▶ WORK TASK
The answer must consist solely of the lines below starting at the one containing "171CM 모델 ONE 사이즈, LIGHT BLUE 컬러 착용하였습니다." and ending at the one containing "bacon em fatias.", repeated exactly, with both ends included and all pictures omitted.

▶ DATASET SECTION
***
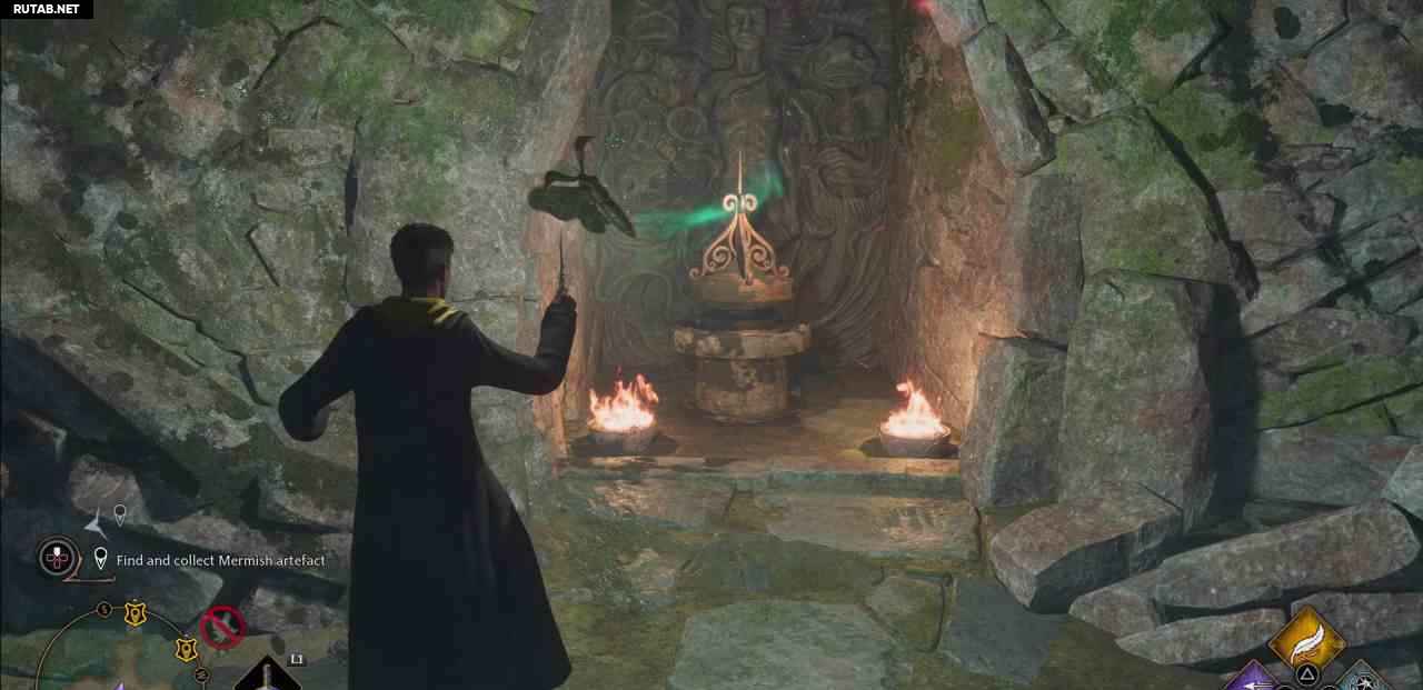Внутри пещеры вы увидите дверь, чтобы ее открыть нужно привести к ней всех трех бабочек. Для двух из трех бабочек примените Инсендио, чтобы освободить их от паутины, затем примените Люмос и отведите их к двери, еще раз примените Люмос, и они войдут в дверь.
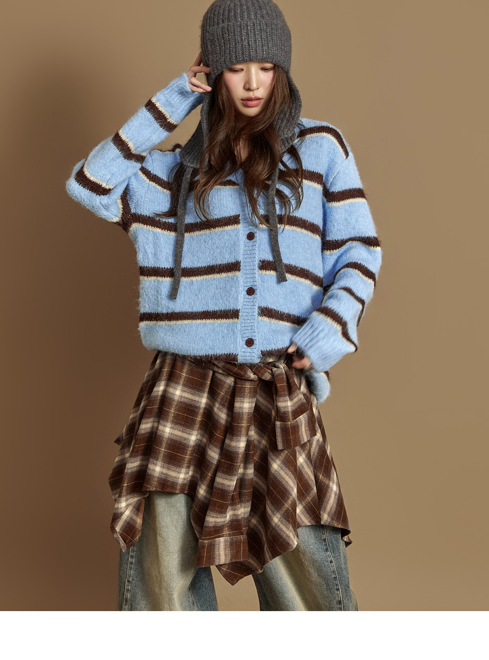 171CM 모델 ONE 사이즈, LIGHT BLUE 컬러 착용하였습니다.
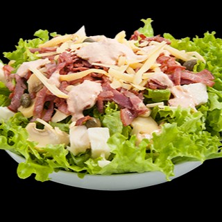 Alface, tomate, azeitonas, presunto, mussarela, cebola, palmito, ovos, cenoura ralada, bacon em fatias.
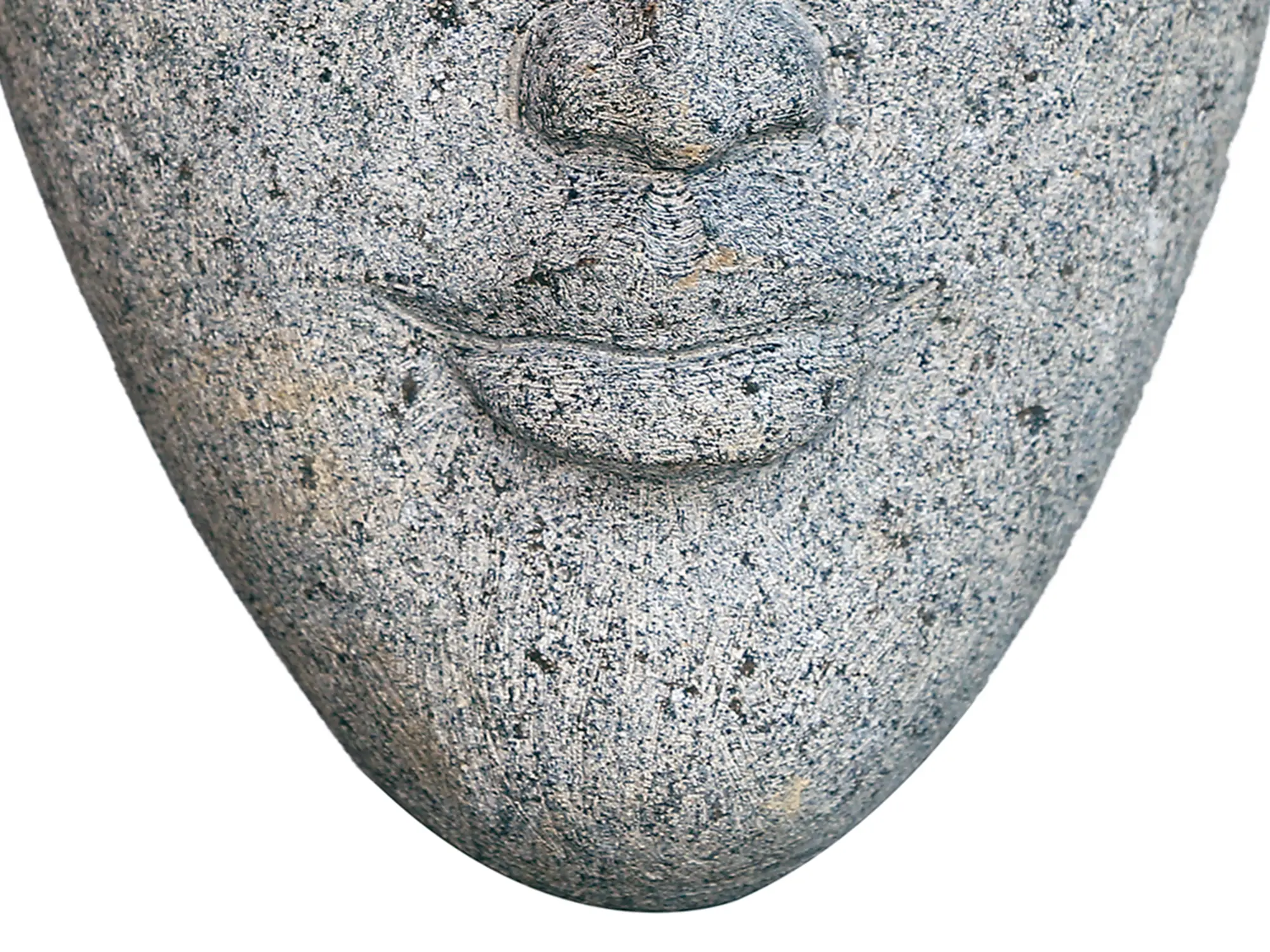 Throughout history, faces carved in stone have served as powerful symbols, representing deities, ancestral spirits, and embodiments of wisdom. In many cultures, stone faces have been placed in sacred sites, acting as silent guardians and conduits for spiritual energy. The serene expression found in this sculpture can be seen as echoing the calm demeanor of enlightened beings, such as the Buddha, whose peaceful visage is a universal symbol of serenity and enlightenment. It also resonates with depictions of benevolent deities in various mythologies, figures who offer solace and guidance through their tranquil presence. The granite itself, a stone of immense strength and longevity, lends an almost eternal quality to the contemplative expression.
***
▶ TASK RESPONSE
 171CM 모델 ONE 사이즈, LIGHT BLUE 컬러 착용하였습니다.
 Alface, tomate, azeitonas, presunto, mussarela, cebola, palmito, ovos, cenoura ralada, bacon em fatias.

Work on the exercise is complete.